Taking a Product View When Managing a Website Project

David Hobbs is a Website Transformation Consultant and author of the Website Migration Handbook and his upcoming book on website product management. You can find him on Twitter @jdavidhobbs and posting articles at Hobbs On Tech.


As Digital Project Managers we’re rewarded for getting the job done, with something as satisfying as a website launch clearly declaring that we have crossed the finish line.

But, there is no finish line for the site owner.

A photograph showing the back of two children on BMX bikes with a crude black start and finish line on a concrete road floor.
MVP finishing line. Product management FTW.

Sites need to be constantly improving and reacting to changes, not just being redesigned, launched, and forgotten, only to repeat the cycle. Digital Project Managers play the important role of getting things done, and pushing through to complete important milestones.

Especially if you’re a Digital Project Manager at an agency or systems integrator, you may have many legitimate reasons to want (and need) to close out digital projects, with perhaps the most important being to get paid. That said, there are many ways of doing solid product thinking even when focus on the project(s) at hand.

Why treat websites as a product

Website product management is management of an organization’s web presence for ongoing and comprehensive quality (see Manage your website like a product: stay afloat in changing seas).

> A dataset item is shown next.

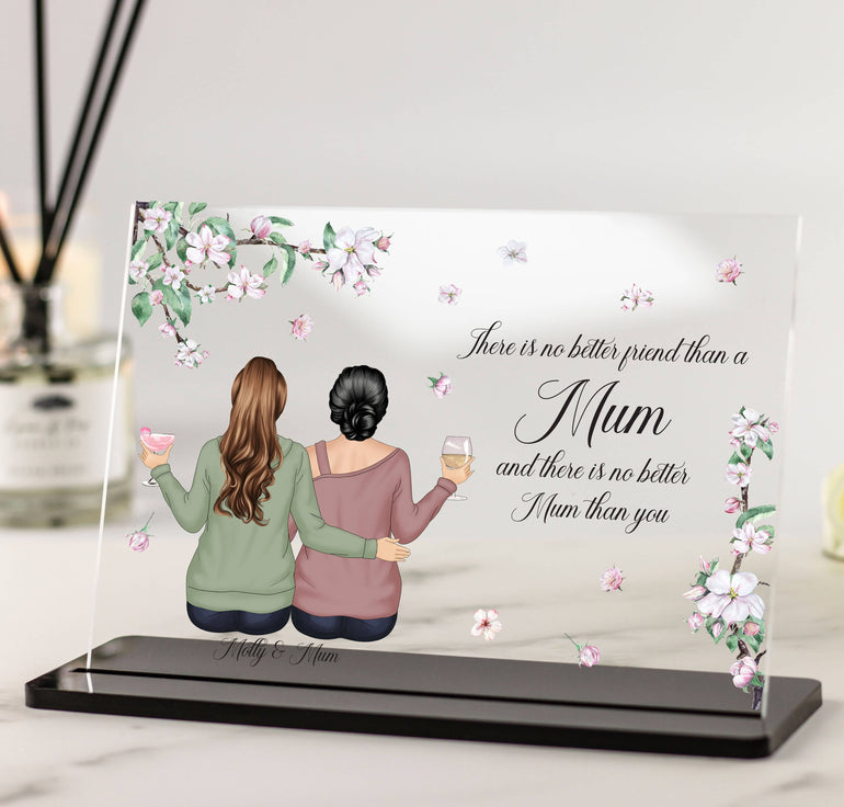 Customisable Mother and Daughter illustration Acrylic Plaque with slimline stand -Ideal unique thoughtful gift for Mother's Day, Unique Birthday Gift for Mum, Christmas or just because, this sentimental one of a kind gift will be cherished forever.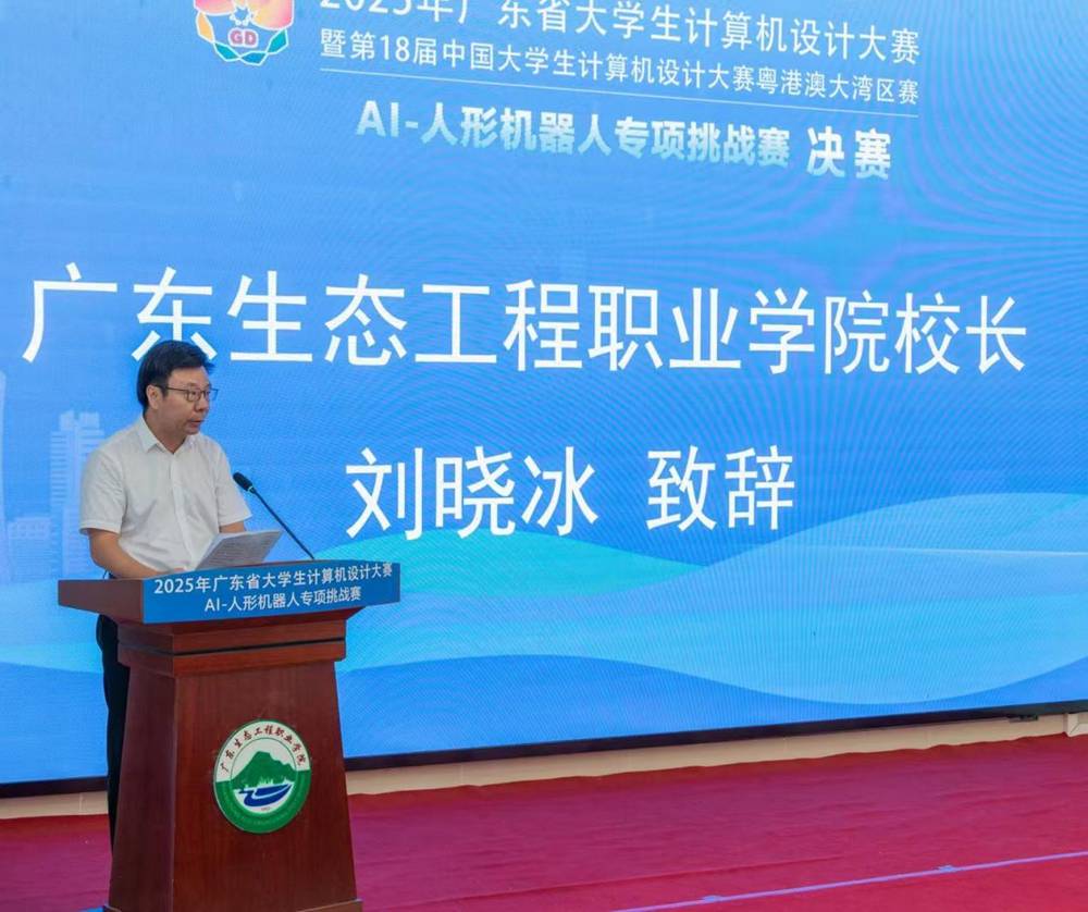 开幕式上,广东生态工程职业学院校长刘晓冰发表致辞。他指出,人形机器人作为新质生产力的典型代表,正在推动产业升级和社会变革。本次大赛以"激发创新、培养技能、促进合作、展示风采"为宗旨,不仅为大学生搭建了实践创新的平台,更促进了人工智能教育领域的交流与合作。学校将全力做好赛事保障工作,确保比赛公平有序进行。

Note that this is not the same as managing a particular product for a company’s website, for example, someone managing a particular magazine title for a media company that publishes many magazines, or managing a website that is specifically a product e.g. Campaign Monitor.

Ongoing management is important, ensuring the organization owning the website is always making changes to the website. This is so that the organization can react to changes in the ever-changing field that we find ourselves in, specifically setting up a process where changes are expected, managed, and executed — always.

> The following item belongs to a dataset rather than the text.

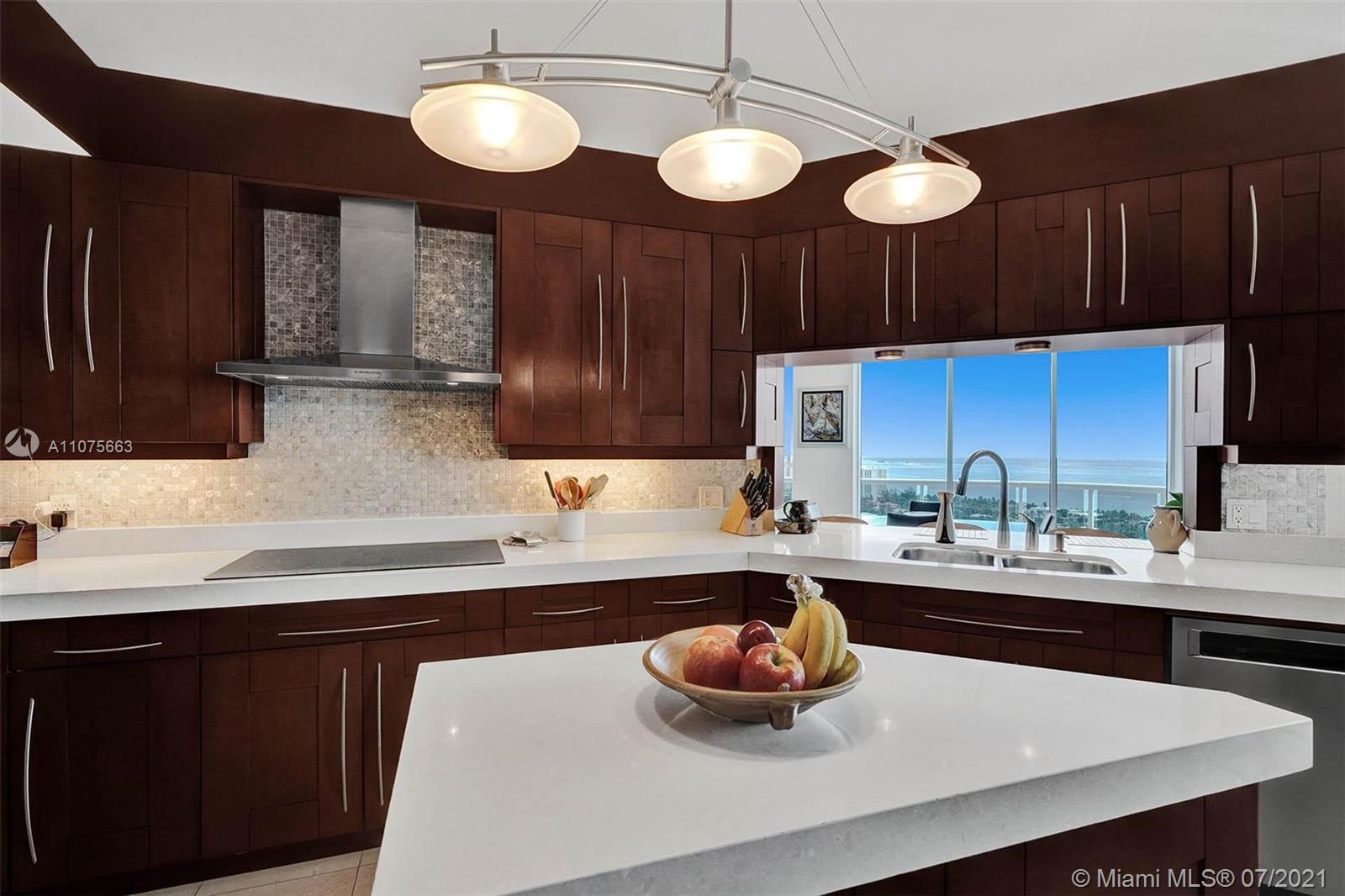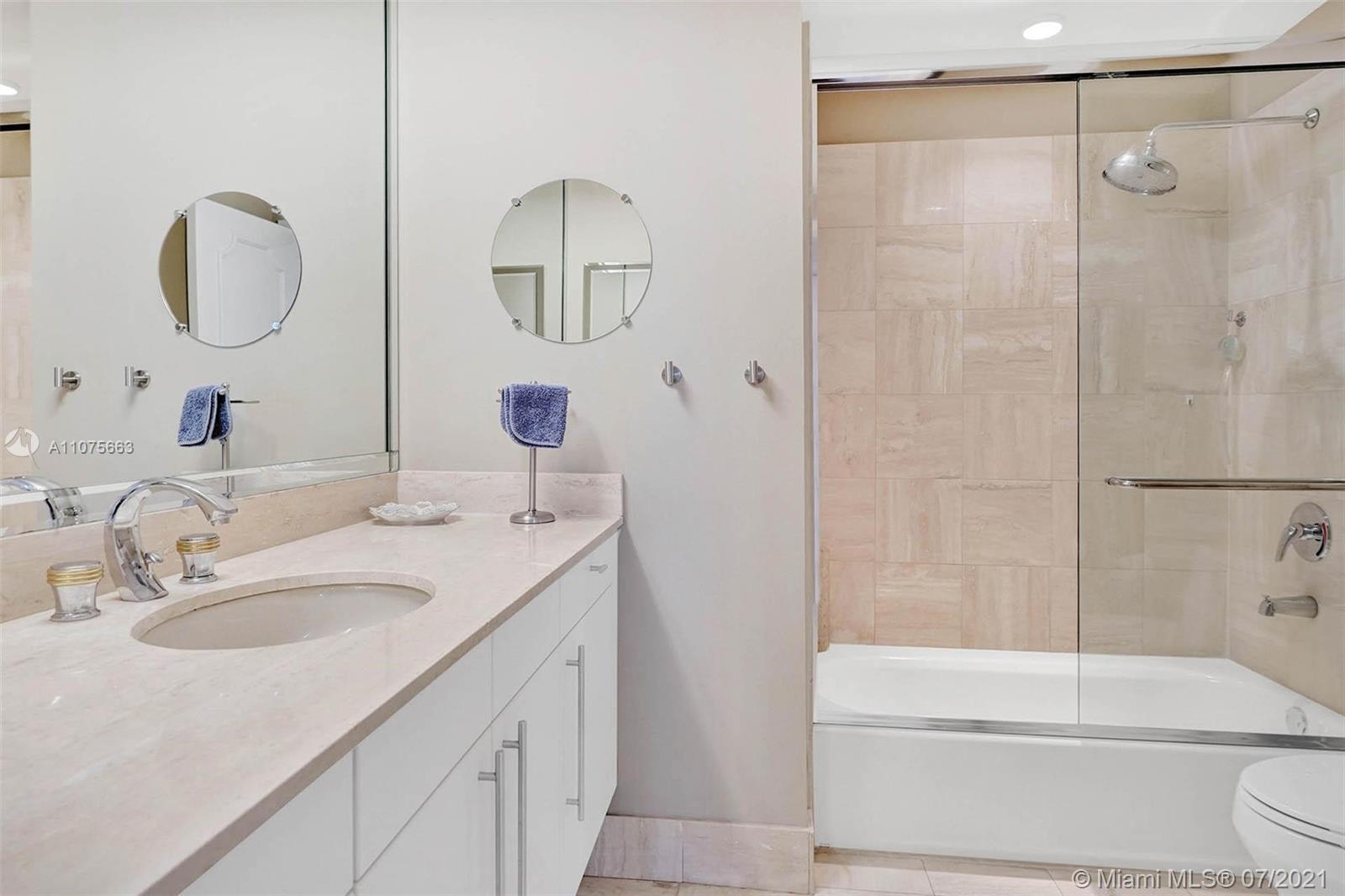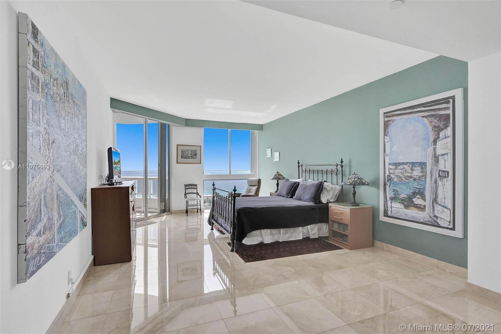 Highly sought after three bedroom three bath Biscayne Model apartment with spectacular Atlantic Ocean views from every room. This apartment has been impeccably maintained. Features include private elevator entry, marble flooring throughout, quartz countertops, built-ins and a master bedroom modified to include a sitting area with TWO walk-in closets. Additional refrigerator located in Laundry room. Two covered parking spaces and storage bin included. One Island Place is a full service luxury building situated on 8 acres in the heart of Aventura. Amenities include TWO pools (morning and afternoon sun), two tennis courts, exercise pavilion and a snack bar open on weekends. Easy to show and sell! Please use show assist to request your appointment.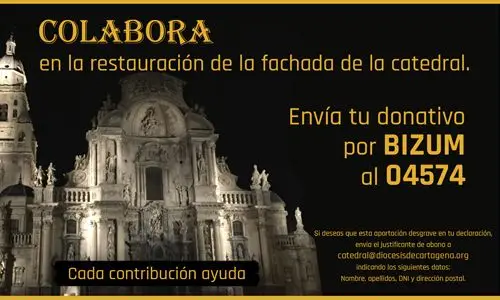 El Cabildo Catedralicio anima a toda la Diócesis a colaborar económicamente en la restauración de la fachada de la catedral. Quienes quieran podrán hacer su donativo por Bizum, en el apartado Hacer un donativo, al 04574. Además, aquellas personas que necesiten que su donativo desgrave en la declaración de la Renta, deberán enviar un justificante de abono al correo catedral@diocesisdecartagena.org indicando los siguientes datos: nombre, apellidos, DNI y dirección postal.

Also, by planning for ongoing changes companies can move toward their vision incrementally, responding to the realities on the ground.

Websites should be looked at comprehensively as well. Frequently companies and agencies applaud new sites that look good on their own but actually move organizations away from their goals (see Mind the gap: quality differences in your web presence).

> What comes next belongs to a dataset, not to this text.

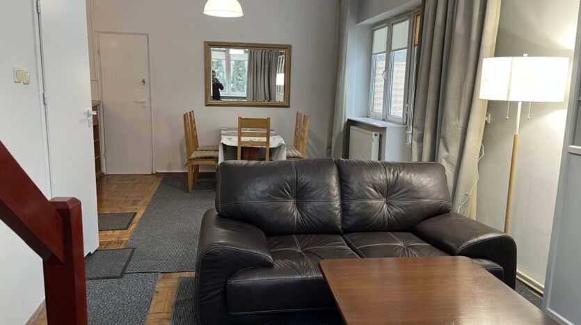Mieszkanie typu studio , osobne wejście, osobne licznik elektryczny w domu dwulokalowym do wynajęcia od zaraz. Mieszkanie o powierzchni 70 m.kw jest położone na trzech poziomach i ma przestrzeń otwartą, schody wewnętrzne – widoczne na zdjęciach, wysokość mieszkania wynosi 3,5 metra! Na parterze mieści się kuchnia otwarta na salon, osobne wc i łazienka oraz wyjście na taras o pow. 14 m.kw. Dwie pozostałe pomieszczenia mają po 13 – 16m. kw. są zlokalizowane na wyższych poziomach. Na podłodze drewniana klepka i wykładziny dywanowe. Dzięki grubym murom z cegły w mieszkaniu panuje doskonały klimat i nawet w wielkie upały jest chłód bez potrzeby klimatyzacji.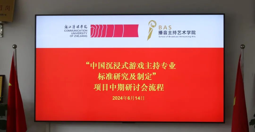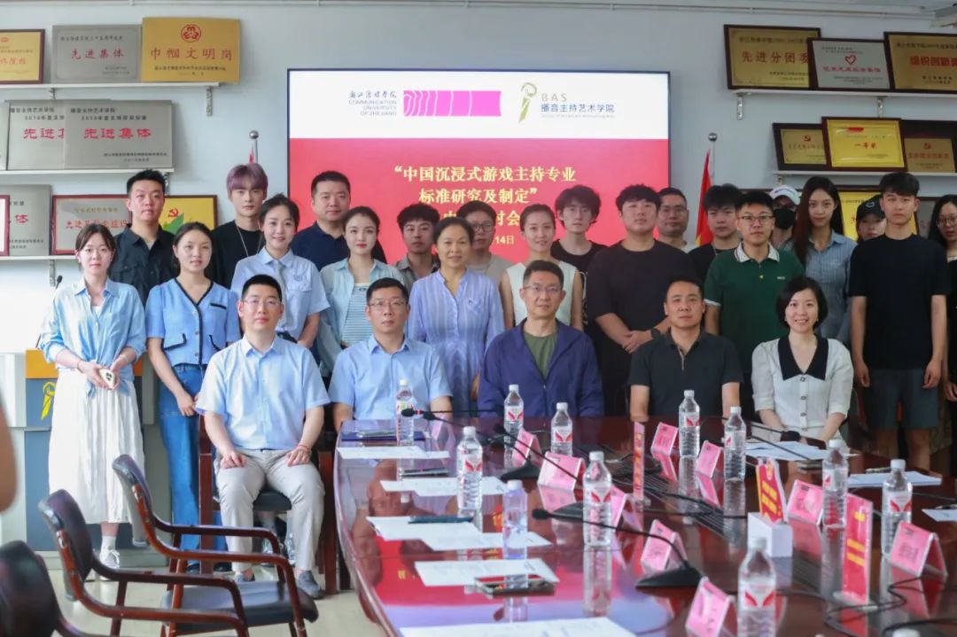 6月14日,“中国沉浸式游戏主持专业标准研究及制定”中期研讨会在浙江传媒学院第二实验楼会议厅成功举办。浙江省体育局体育经济处副处长楼文嵘,杭州市剧本娱乐协会秘书长王小龙、副会长何励、副会长陈俊、常务理事刘涛,浙江传媒学院播音主持艺术学院党委书记、副院长戚鸿峰,党委委员、副院长倪琦珺,副教授金叶、李海宏携青年教师吴景美、孙昊等师资研究力量,杭州游卡网络技术有限公司副总裁杜彬、副总裁应晓天及相关业务负责人,共同出席了此次研讨会。

For instance, in working with a very large web presence recently, the top brass applauded the new sites with new features. But this was actually moving them away from their goal of providing a website where site visitors could easily browse the content (since they kept adding silos of content where people would get “trapped”).

So any changes to the website should be considered comprehensively, across the entire web presence. In many ways, product management is managing website change with a business-first mindset.

That means that every change should both be looked at broadly, but also always answering the question “Is this change moving us toward a key business goal?”

Digital project management for better product management

Let’s focus on two things you can do to include product thinking in your digital project management:

  • Challenge stakeholders to think broadly
  • Phase in batches

Challenge stakeholders to think broadly

Stakeholders often just care about their discipline, silo, or part of the website. Thinking broadly can mean considering the entire web presence rather than just a part of it, or fixing an existing site rather than launching a brand new one.

It can also be thinking through all the customer touch points for a change rather than the first ones everyone thinks about.

Similarly, there is usually a focus on getting things done, now. But you need to think through the long term effects of changes. This may be the hardest one as the project manager to rise above the fray and advocate for, since it may mean delivery delay, but in general you should push for implementation that can best be maintained over the long haul.

Thinking long term isn’t just implementing the requirements in the most technically-sound way, but positioning the requirements and expectations in the first place for long term success.

Not only can this broader and longer-term thinking be applied in the heat of implementation and project planning, but even in project conception e.g. in deciding to make a smaller change but across more of the site.

Underpinning this broader and longer-term approach should be a rigorous focus on what business goals are being served, rather than what new gee-whiz features are being implemented.

Phase in batches

When an organization is a) digging out of the redesign-forget cycle and b) the general feeling of being overwhelmed with what needs to be done on a website, I recommend moving to batching in changes.

As mentioned above, part of the idea is that changes are being made on an ongoing basis, and not just when a big project is happening. Only define the work program for the next phase (let’s say over the next three months). The detailed planning doesn’t happen beyond that to give room for subsequent changes that aren’t even anticipated yet.

Even if you are project managing a bigger change, such as a big website redesign, I recommend defining the project in terms of phases. One phase might be a pilot / Beta, another might be rolling out one set of changes, and another might be the full rollout of your current scope.

Each of the phases should impact the site visitor, and not just the stakeholders. The reason to do this is to get folks accustomed to thinking about their website as needing a series of phases.

Potentially, if you’re an agency, you could convince the customer to even include a batch of changes after full launch that are only identified just before (or even after) launch.